## [What the task requires]
Everything in the data gets repeated exactly, except for the pictures.

## [Provided material]
# # #
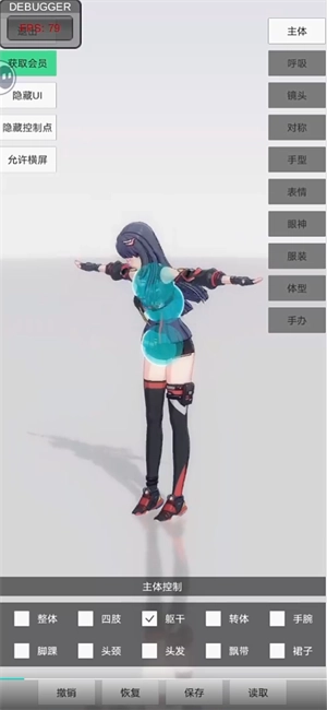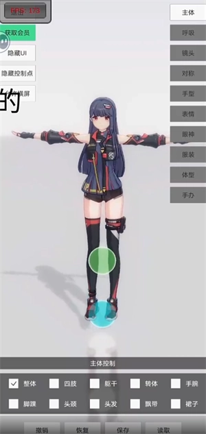 点击四肢部位时,角色模型上的青蓝色球体能够对四肢的移动进行控制。
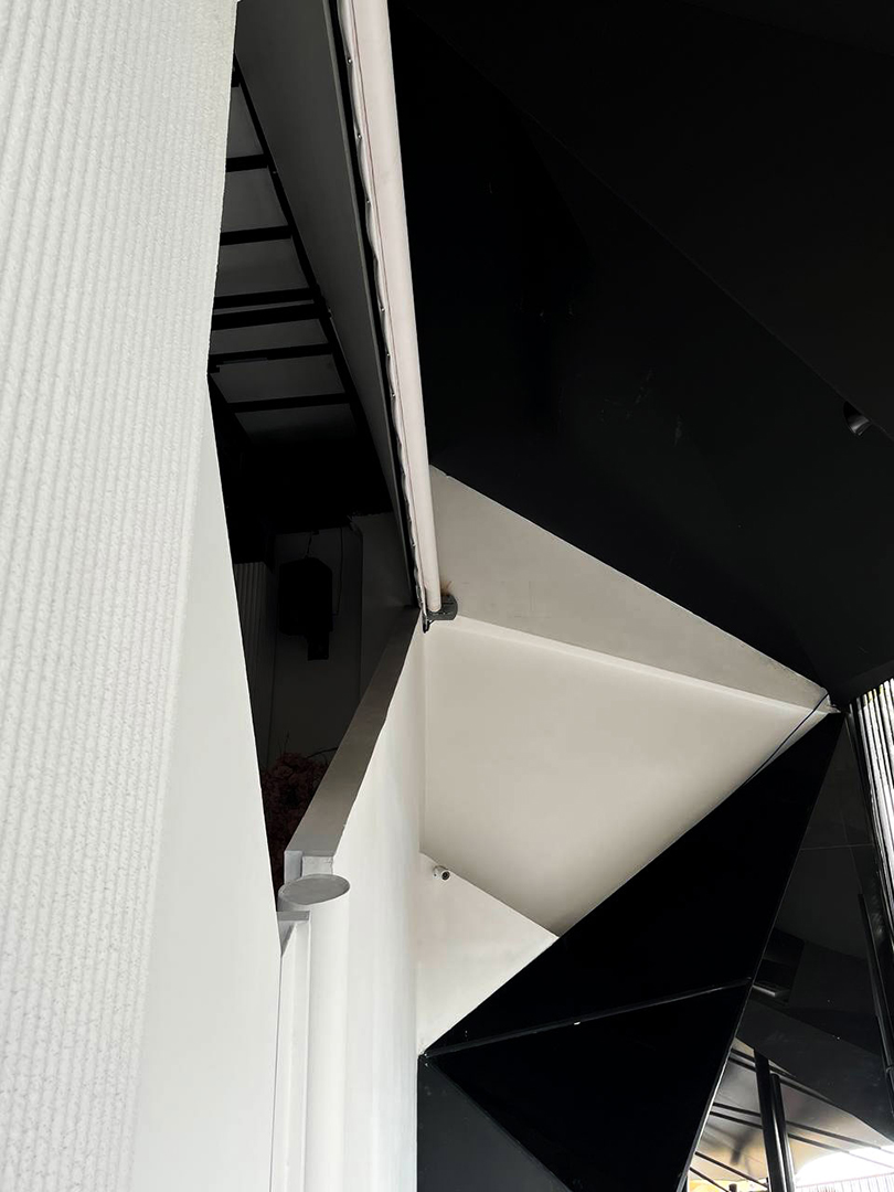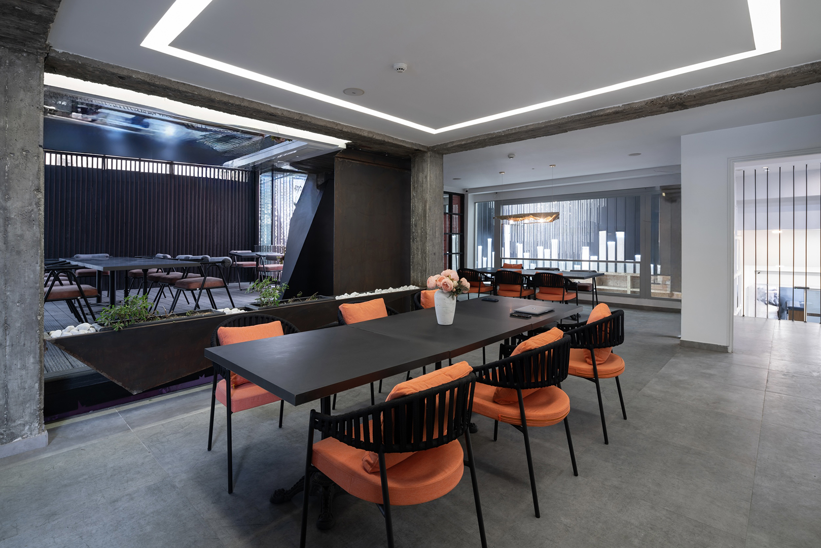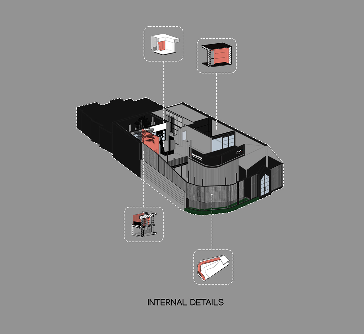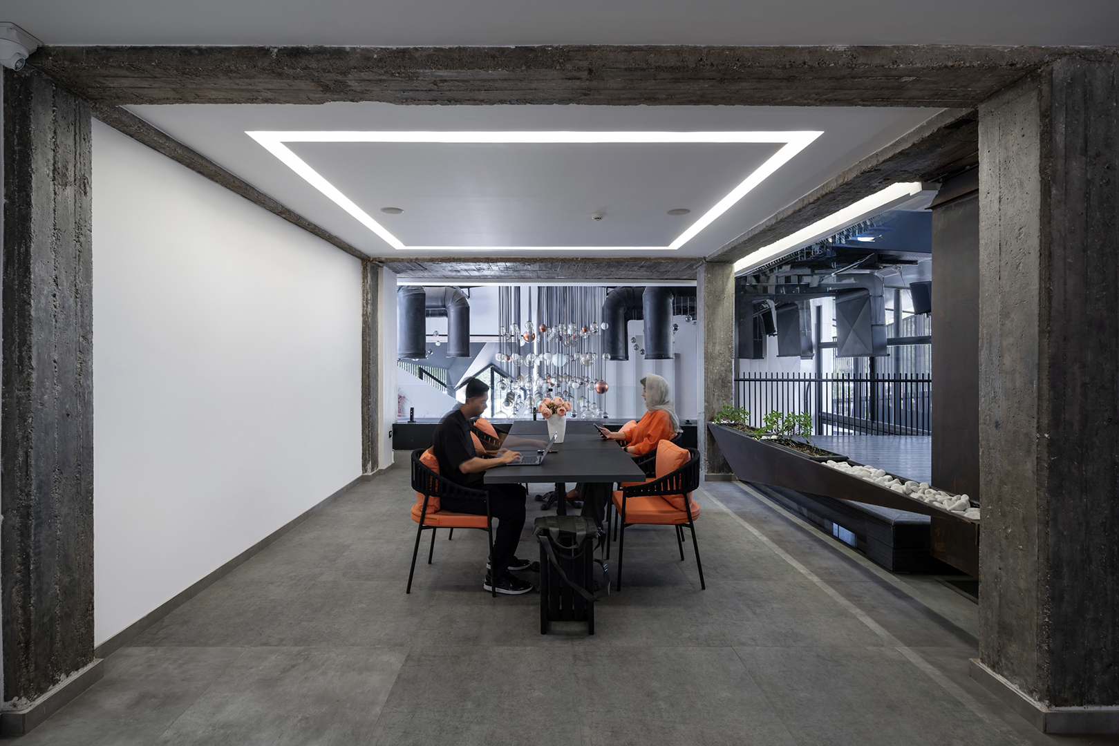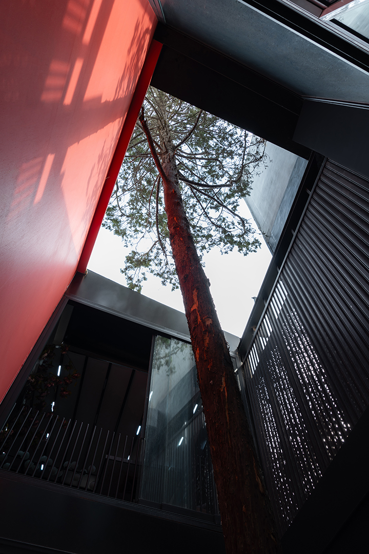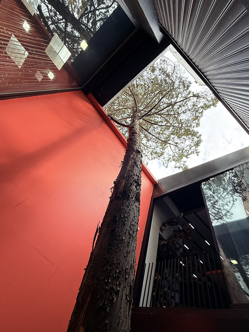 درون ساختمان، تضاد میان سازههای فولادی تیره و کفسازی روشن، عمق بصری فضا را افزایش میدهد. درخت کاج تنهای موجود در سایت، که پیشتر نادیده گرفته شده بود، اکنون بهعنوان نقطه کانونی در توالی منظر ورودی ادغام شده است.
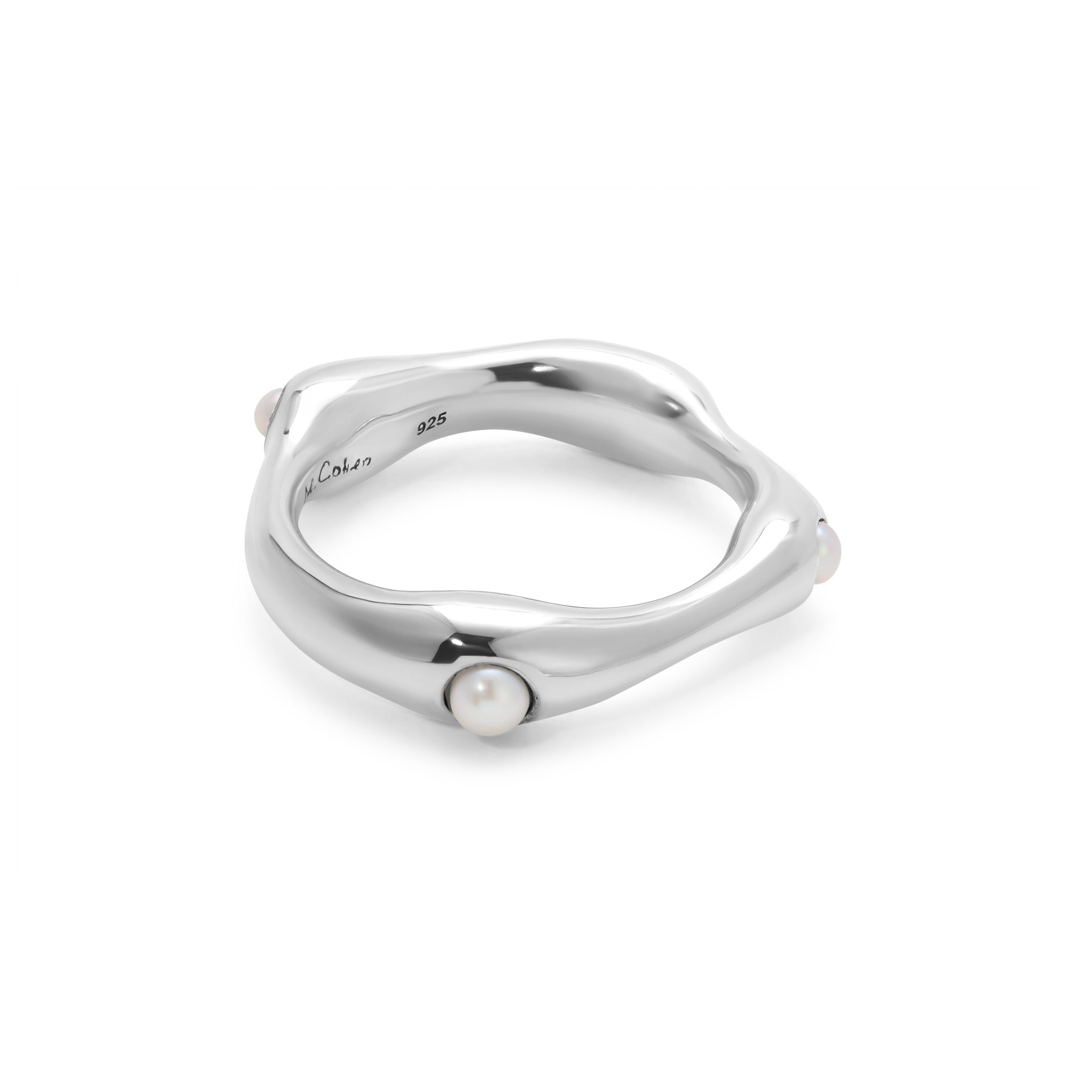 This Warp Ring is handcrafted from 925 sterling silver and features a unique and elegant white pearl. Perfect for adding a touch of sophistication to any outfit.
# # #
## [Solved problem]
 点击四肢部位时,角色模型上的青蓝色球体能够对四肢的移动进行控制。
 درون ساختمان، تضاد میان سازههای فولادی تیره و کفسازی روشن، عمق بصری فضا را افزایش میدهد. درخت کاج تنهای موجود در سایت، که پیشتر نادیده گرفته شده بود، اکنون بهعنوان نقطه کانونی در توالی منظر ورودی ادغام شده است.
 This Warp Ring is handcrafted from 925 sterling silver and features a unique and elegant white pearl. Perfect for adding a touch of sophistication to any outfit.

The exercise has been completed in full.